How has climate change impacted MEES?

Climate change is a focal point for many people around the world, and with global temperatures rising along with sea levels, in addition to activists and protestors going to great lengths to raise awareness for environmental changes.

The UK Government have introduced numerous acts and regulations as well as making commitments to help combat climate change including:

  • The Climate Change Act 2008, which included the legal commitment on the Government to reduce greenhouse gas emissions by 2050, commonly referred to as Net Zero,
  • The Energy Act 2011,
  • Energy Performance of Buildings Regulations 2010 (EU Member States were required to transpose the directive by January 2013), which legislated the requirement for Energy Performance Certificates (EPCs) for certain dwellings and non-domestic buildings, and
  • The Energy Efficiency (Private Rented Property) (England and Wales) Regulations 2015, (also known as the MEES Regulations).

What MEES regulations are changing from 2023 for commercial properties?

The intention of the ‘Energy Efficiency (Private Rented Property) (England and Wales) Regulations 2015’ was to improve the energy efficiency of the UK’s building stock, introducing a Minimum Energy Efficiency Standard for commercial properties to achieve.
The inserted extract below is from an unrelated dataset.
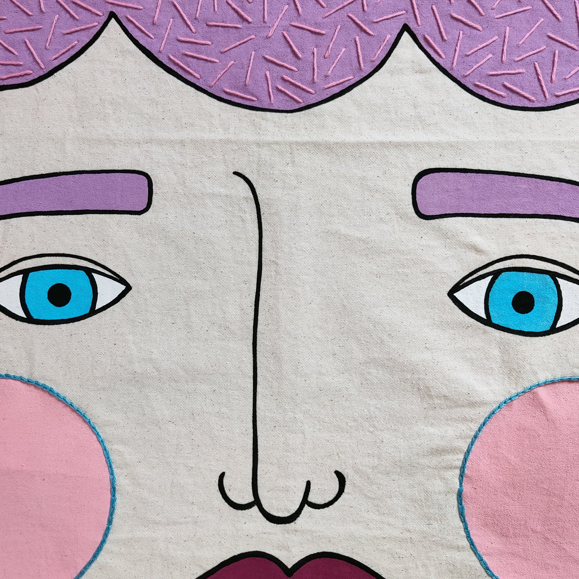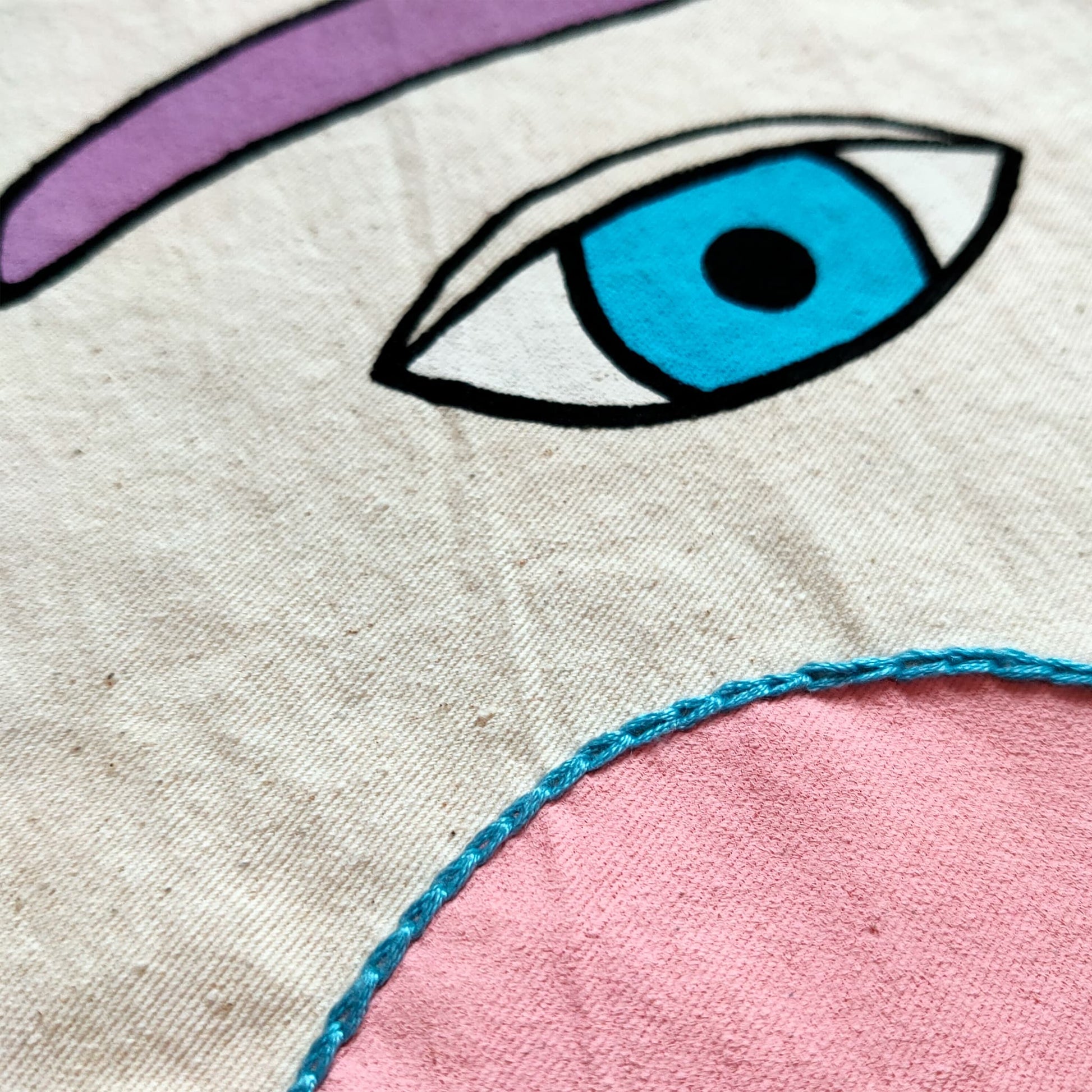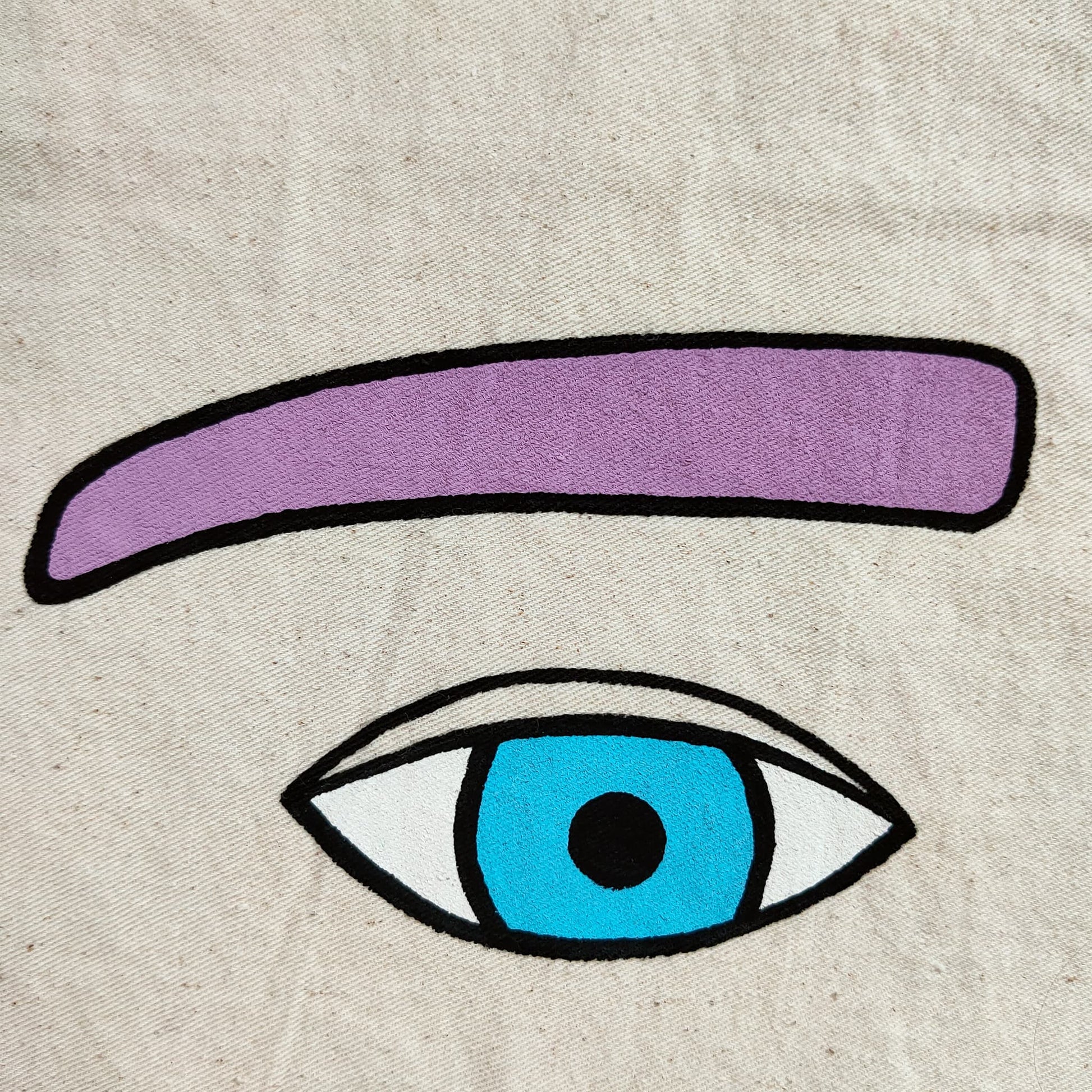 - Unbleached Cotton Canvas, Acrylic Paint, Cotton Thread.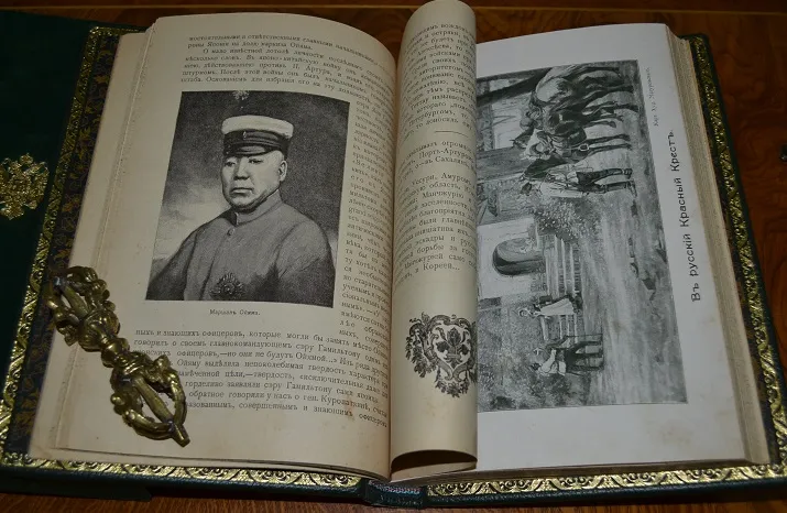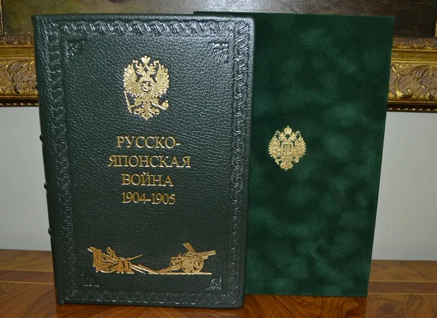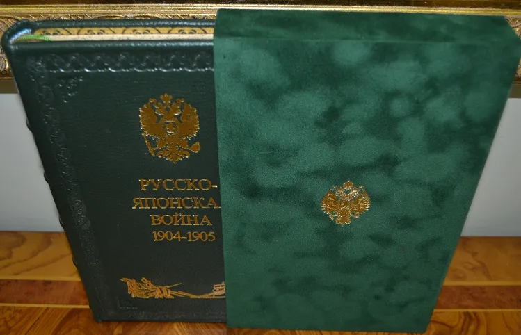 Сохранность - очень хорошая! Коллекционный экземпляр с сохранением издательской обложки! В подарочном цельном кожаном переплете /высококачественная переплетная кожа, профессиональная ручная работа, стилизованное тиснение!/, с богатым золотым и конгревным /глубоким, художественным!/ тиснением, и в бархатном стилизованном коробе с золотым тиснением герба России! Цветные составные форзацы с гербами, золотая дублюра, бинтовой корешок, увеличенный формат: 26 х 16м., тонированный обрез! В издании представлены фототипии и портреты на отдл. толстых листах, многочисленные рисунки, иллюстрации, расклад. карты, табл., прилож.! Издание дополнено стилизованными заставками и концовками, отпечатано на мелованной бумаге! Комплектный коллекционный экземпляр - подарочный вариант!

To show compliance with MEES, all commercial buildings require an EPC with a rating of E or higher.  Some premises are excluded from requiring an EPC such as:

From 1 April 2023, under the MEES regulation, landlords of commercial properties must not let nor continue to let a substandard property unless:

  • it has made ‘relevant energy improvements’, or no improvements can be made such that the building remains substandard and the EPC rating is below an E; or
  • it has a ‘legitimate reason’ prohibiting it from registering an EPC E or above rating and has registered the reason on the PRS Exemptions Register.

What is a ‘legitimate reason’ to be exempt from improving your energy efficiency in a commercial property?

  • All ‘relevant energy improvements’ have been completed but the property still has an EPC rating below E.
  • No energy efficiency improvements could be made, and the property remains sub-standard. Perhaps a tenant refused consent for works to be carried out, or a third-party refused to grant consent (e.g. planning permission).
  • Proposed improvements would reduce the market value of the property by more than 5%. If this is the case, expert evidence will be required.
  • If an individual ‘unexpectedly’ finds themselves in the position of being a landlord. The view is that it would be unreasonable to expect them to comply with regulations immediately.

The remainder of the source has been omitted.